Data entries

**********

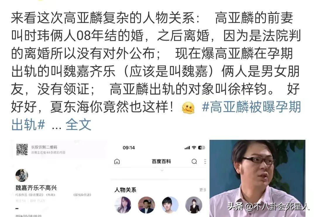看到這個瓜,很多網友一頭霧水,感覺摸不着頭腦,因爲高亞麟妻子是時瑋,這個魏嘉不知道是誰。其實,高亞麟與時瑋早已離婚,只是沒對外公佈,後來他和魏嘉在一起,沒想到在女方孕期出軌徐梓鈞。
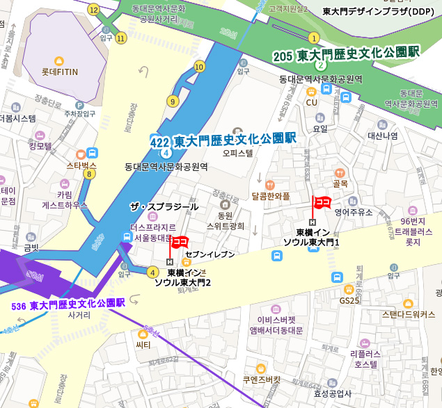 • 地下鉄 : 空港鉄道A`REXに乗車しソウル駅にて地下鉄4号線に乗り換え、東大門歴史文化公園にて下車。4番出口より徒歩約3分
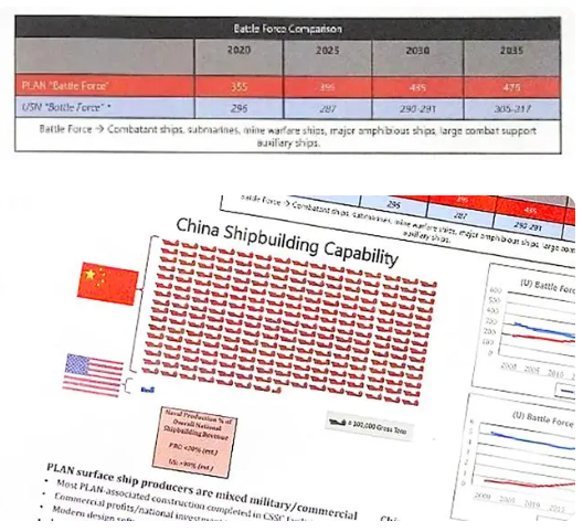或许是真的担心阅读此份图表的“观众”们不明所以,因此可以看到的是在接下来的统计中,美国人竟然直接干脆的表示当前已经占据了全球40%造船市场份额的中国造船厂,拥有巨大的军事转换潜力!
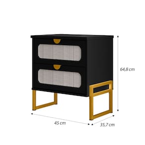 Tipo: Mesa de Cabeceira Modelo: Titanium Cor: Preto Cor da Base: Dourado Estrutura: MDP com acabamento em pintura UV Pés: Metal com pintura eletrostática Possui 2 gavetas: Corrediças metálicas Frentes decorativas em padrão rattan Puxadores embutidos Design: Moderno, funcional e elegante Garantia: 3 meses contra defeitos de fabricação
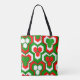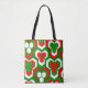 Diese Tasche hat ein Weihnachtsgeometrisches Design von Sechsecken in Sets von drei, die wie Blume in rot, weiß und grün aussehen.
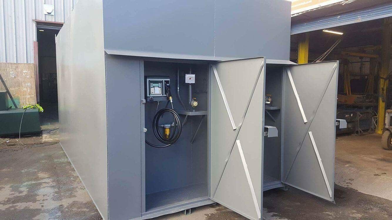 All of our tank fittings, pipework and pumping systems are installed within the lockable cabinet on the tank.
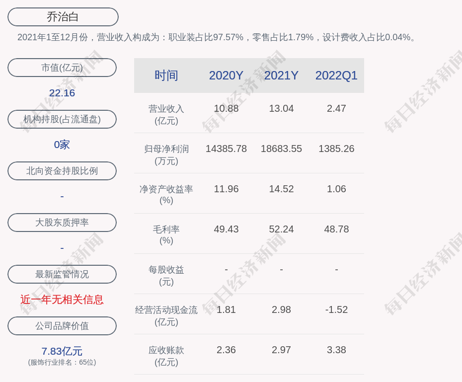 2021年1至12月份,乔治白的营业收入构成为:职业装占比97.57%,零售占比1.79%,设计费收入占比0.04%。

**********

What is expected: Could you write out every line above exactly as it stands, with no images?

Response:
看到這個瓜,很多網友一頭霧水,感覺摸不着頭腦,因爲高亞麟妻子是時瑋,這個魏嘉不知道是誰。其實,高亞麟與時瑋早已離婚,只是沒對外公佈,後來他和魏嘉在一起,沒想到在女方孕期出軌徐梓鈞。
 • 地下鉄 : 空港鉄道A`REXに乗車しソウル駅にて地下鉄4号線に乗り換え、東大門歴史文化公園にて下車。4番出口より徒歩約3分
或许是真的担心阅读此份图表的“观众”们不明所以,因此可以看到的是在接下来的统计中,美国人竟然直接干脆的表示当前已经占据了全球40%造船市场份额的中国造船厂,拥有巨大的军事转换潜力!
 Tipo: Mesa de Cabeceira Modelo: Titanium Cor: Preto Cor da Base: Dourado Estrutura: MDP com acabamento em pintura UV Pés: Metal com pintura eletrostática Possui 2 gavetas: Corrediças metálicas Frentes decorativas em padrão rattan Puxadores embutidos Design: Moderno, funcional e elegante Garantia: 3 meses contra defeitos de fabricação
 Diese Tasche hat ein Weihnachtsgeometrisches Design von Sechsecken in Sets von drei, die wie Blume in rot, weiß und grün aussehen.
 All of our tank fittings, pipework and pumping systems are installed within the lockable cabinet on the tank.
 2021年1至12月份,乔治白的营业收入构成为:职业装占比97.57%,零售占比1.79%,设计费收入占比0.04%。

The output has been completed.